That's flyers son Noah running the towboat ....the fact remains we told him it was going to be a real bad storm and to chaff up and that it was s bad idea to leave the boat unattended .....he listened to neither piece of advice .....most of these guys know nothing and what makes them dangerous is they think they do....not all but most ....it's an endless battle with some of  these idiots ....it's no coincidence the guys who work on the water for a living had no problems that night

----------


## davesmom

> That's flyers son Noah running the towboat ....the fact remains we told him it was going to be a real bad storm and to chaff up and that it was s bad idea to leave the boat unattended .....he listened to neither piece of advice .....most of these guys know nothing and what makes them dangerous is they think they do....not all but most ....it's an endless battle with some of  these idiots ....it's no coincidence the guys who work on the water for a living had no problems that night



Time to write the book, MikeR...

----------


## JoshA

Sounds like quite a storm, Mike. Why weren't you on your mooring? Did someone else take it?

----------


## MIke R

> Sounds like quite a storm, Mike. Why weren't you on your mooring? Did someone else take it?

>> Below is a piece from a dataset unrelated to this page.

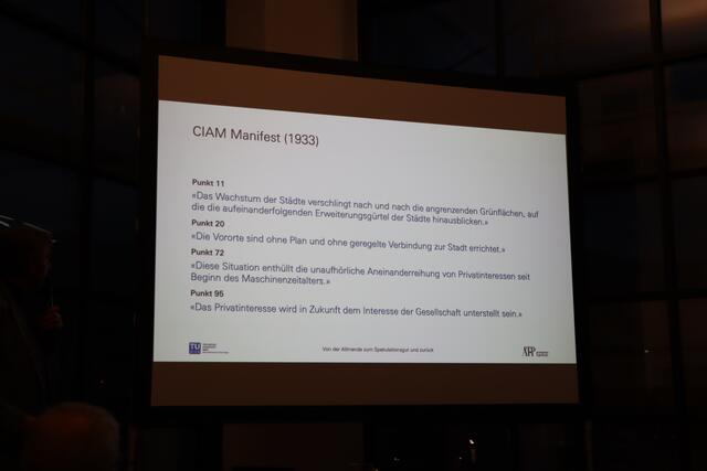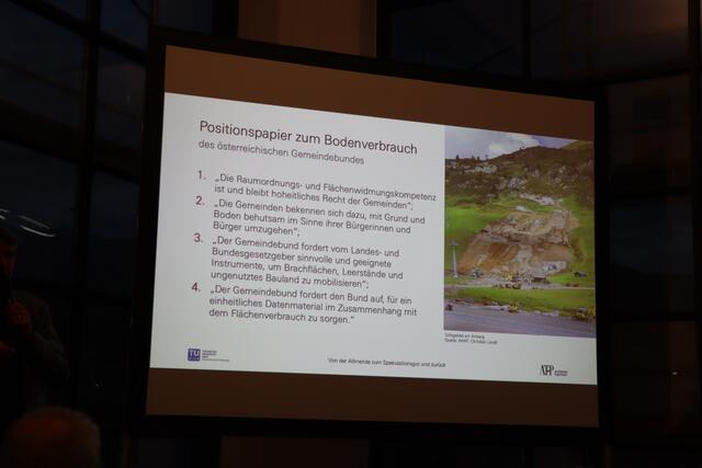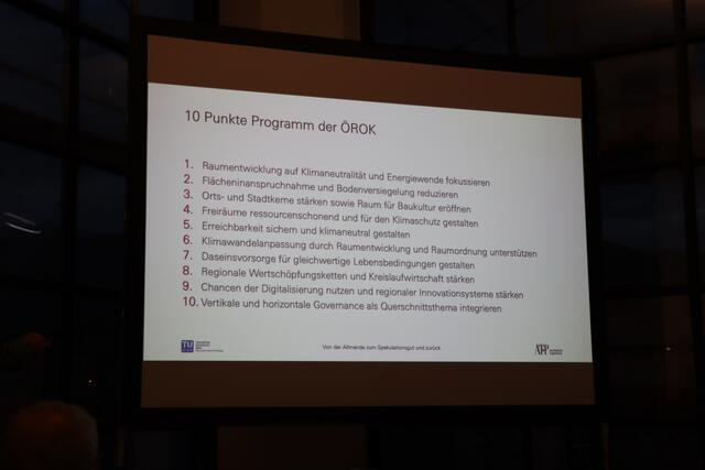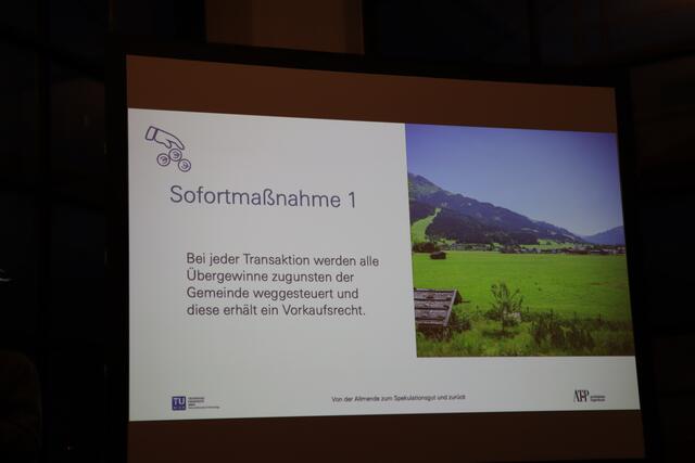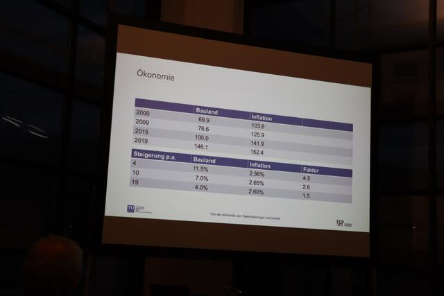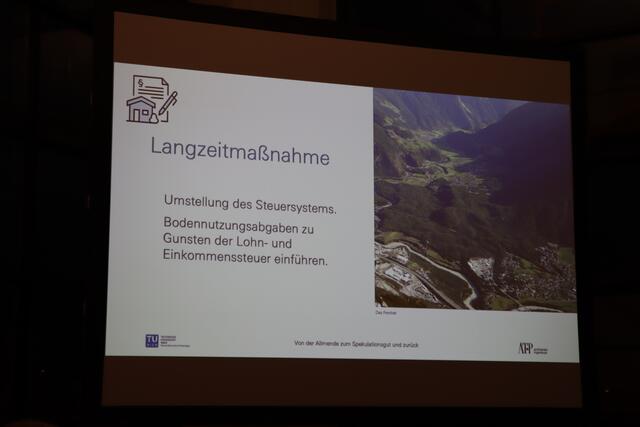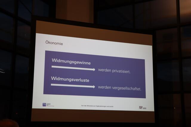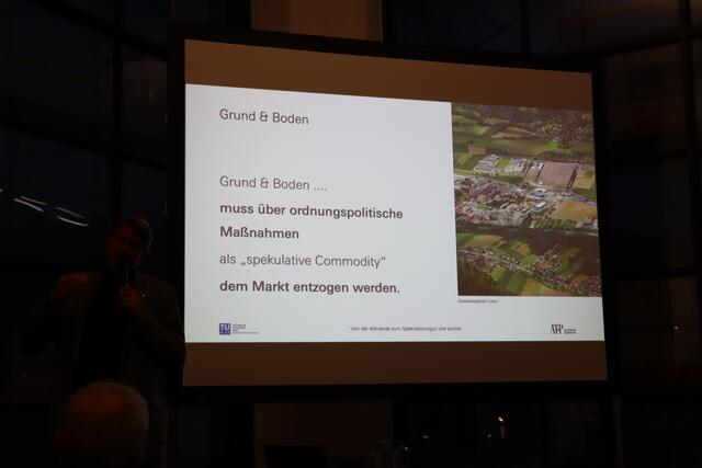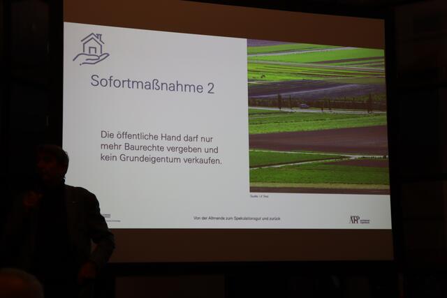 Zum Schluss des Vortrags meint er: "Mein Idealbild für das Land wäre ein Österreich, das den Gemeinden gehört." Die Gemeinden könnten dann über Bau- und Nutzungsrecht entscheiden, der Grund und Boden würde aber der Allgemeinheit gehören.

no Josh my mooring is great in every wind direction but East and we typically don't  get Easterlies in summer, so seeing that was the case I simply slid over to a mooring in our marina behind the breakwater to get some protection  ....I wanted a slip but we were sold out.....my mooring is my mooring..I own it so no one can  take it

what pisses me off is the fool whose 53 foot sailboat crashed into and sunk a locals boat, is back on our moorings with just a few dings and scratches ......and no remorse

----------


## Rosemary

> I miss Clem and  Ursies ....I loved Clem and When I had my little cafe in the west end , Clem was open there and we would go to food buyers shows together 
> 
> abd your last tongue in cheek comment "these winter storms are brutal".....bang on ...this thing had all the characteristics of a typical cape cod winter easterly....it sucked but yes as bad as it was behind the breakwater I was still better off but I have NEVER SEEN rollers like that behind the breakwater



It was humbling.  I've never seen water over the top of the breakwater - looked like no protection at that point.  Your boat was riding nicely.  Waves were breaking  against the inn I was staying in beginning around 3am.  It felt like I had a sea story.  When things died down a bit around 8 am, I went for a walk and ran into Kate and Kevin who were out exploring.  Moments later, there was Martin, with whom I spent the morning shopping.  :).

----------


## amyb

You were in good company, Rosemary.  Friends and body guards both.

----------


## MIke R

> .  Moments later, there was Martin, with whom I spent the morning shopping.  :).




Yes they re still talking about yours and Martin s antics  in the Marine  Specialties  store  :Devil Laughing:

----------


## Rosemary

Well, they have many specialties, and we were thorough.

----------


## MIke R

> Well, they have many specialties, and we were thorough.



next week is Lena s birthday and half the gifts I will pick up for her will come from that store .....so much cool stuff there

----------